もう一つは、敵を倒す速度を記録するのではなく、危険な場面を覚えることだ。どの島でも同じ場所で焦るなら、そこに自分の癖がある。私は、前へ出すぎる、別方向を見落とす、撤退を遅らせるという三つの癖に気づいてから、結果が安定した。こうした自己分析ができる人ほど、このゲームの面白さを深く味わえる。
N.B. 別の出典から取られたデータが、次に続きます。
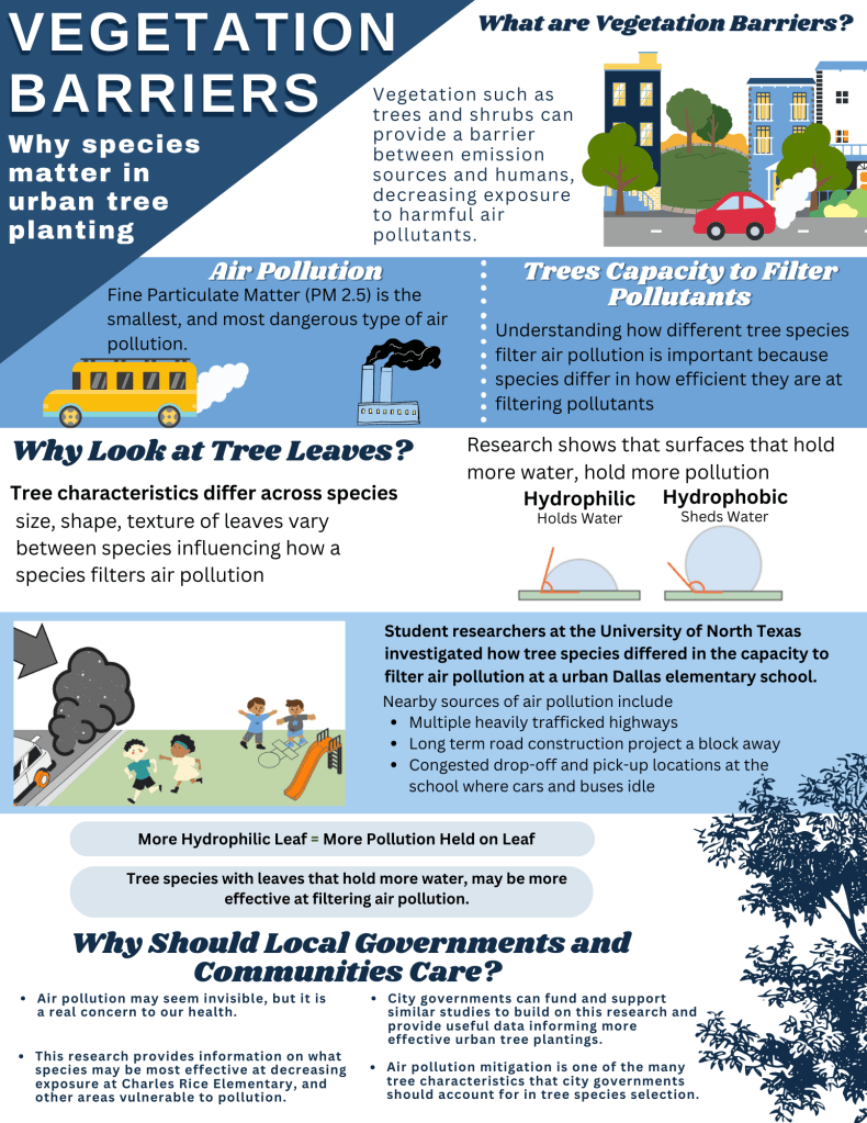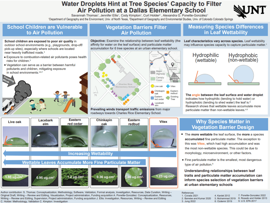 I studied the leaf wettability characteristics of tree species at a Dallas, TX elementary school to support a study commissioned by the Texas Trees Foundation. A goal of this report was to make suggestions on what tree species filter more air pollutants in an urban vegetation barrier.

反対に、負けるたびに運が悪かったと感じるなら、少し相性が悪いかもしれない。偶然に見える展開にも、配置や視線の置き方が関係していることが多いからだ。自分の判断を試す作品として向き合えるかどうかが、購入後の満足度を左右する。
結論として、短い戦術戦を求めるならおすすめ
長所
- グラフィックは非常に美しい。
- シンプルな操作で遊びやすい。
- 戦略思考を鍛えられる。
- 音楽が非常に心地よい。
- リプレイ性が高い。
短所
- 難易度が急激に上がる。
- ステージが単調になりがち。
- 一部のバグが存在する。
- 課金要素がある。
- ストーリーが薄い。
よくある質問
Bad North: Jotunn Editionとは何ですか?
Bad North: Jotunn Editionはリアルタイムで進行する戦略ゲームです。プレイヤーは、バイキングの侵略から島を防衛するためにユニットを指揮し、戦略を立てて戦います。美しいミニマリストのグラフィックと深い戦略性が特徴で、ユニットの配置やスキルの向上が勝敗を左右します。
このゲームはどのプラットフォームで利用できますか?
Bad North: Jotunn Editionは、AndroidおよびiOSデバイスで利用可能です。また、PCやゲームコンソールでもプレイ可能です。各プラットフォームで提供されるバージョンは、操作性やインターフェースが最適化されています。ダウンロードリンクは公式ウェブサイトや対応するアプリストアで確認できます。
このゲームの主な特徴は何ですか?
Bad North: Jotunn Editionの主な特徴には、戦略的なゲームプレイ、ランダムに生成される島々、そしてアップグレード可能なユニットがあります。プレイヤーは、敵の動きを予測し、効果的な防衛を築く必要があります。ゲームは挑戦的ですが、プレイによって思考力と計画力が鍛えられます。
ゲーム内購入はありますか?
Bad North: Jotunn Editionは、基本的に買い切り型のゲームですが、一部のプラットフォームでは追加コンテンツやカスタマイズオプションを購入できる場合があります。ゲーム内での購入は必須ではなく、プレイヤーの選択に委ねられています。購入することで、より深いゲーム体験を楽しめることもあります。
ゲームの難易度はどのように設定されていますか?
ゲームの難易度は、プレイヤーのスキルに応じて調整可能です。初心者から上級者まで楽しめるように設計されており、難易度を選択することで、自分に合ったチャレンジが提供されます。難易度が上がると、敵の動きがより予測不可能になり、戦略的な思考が求められます。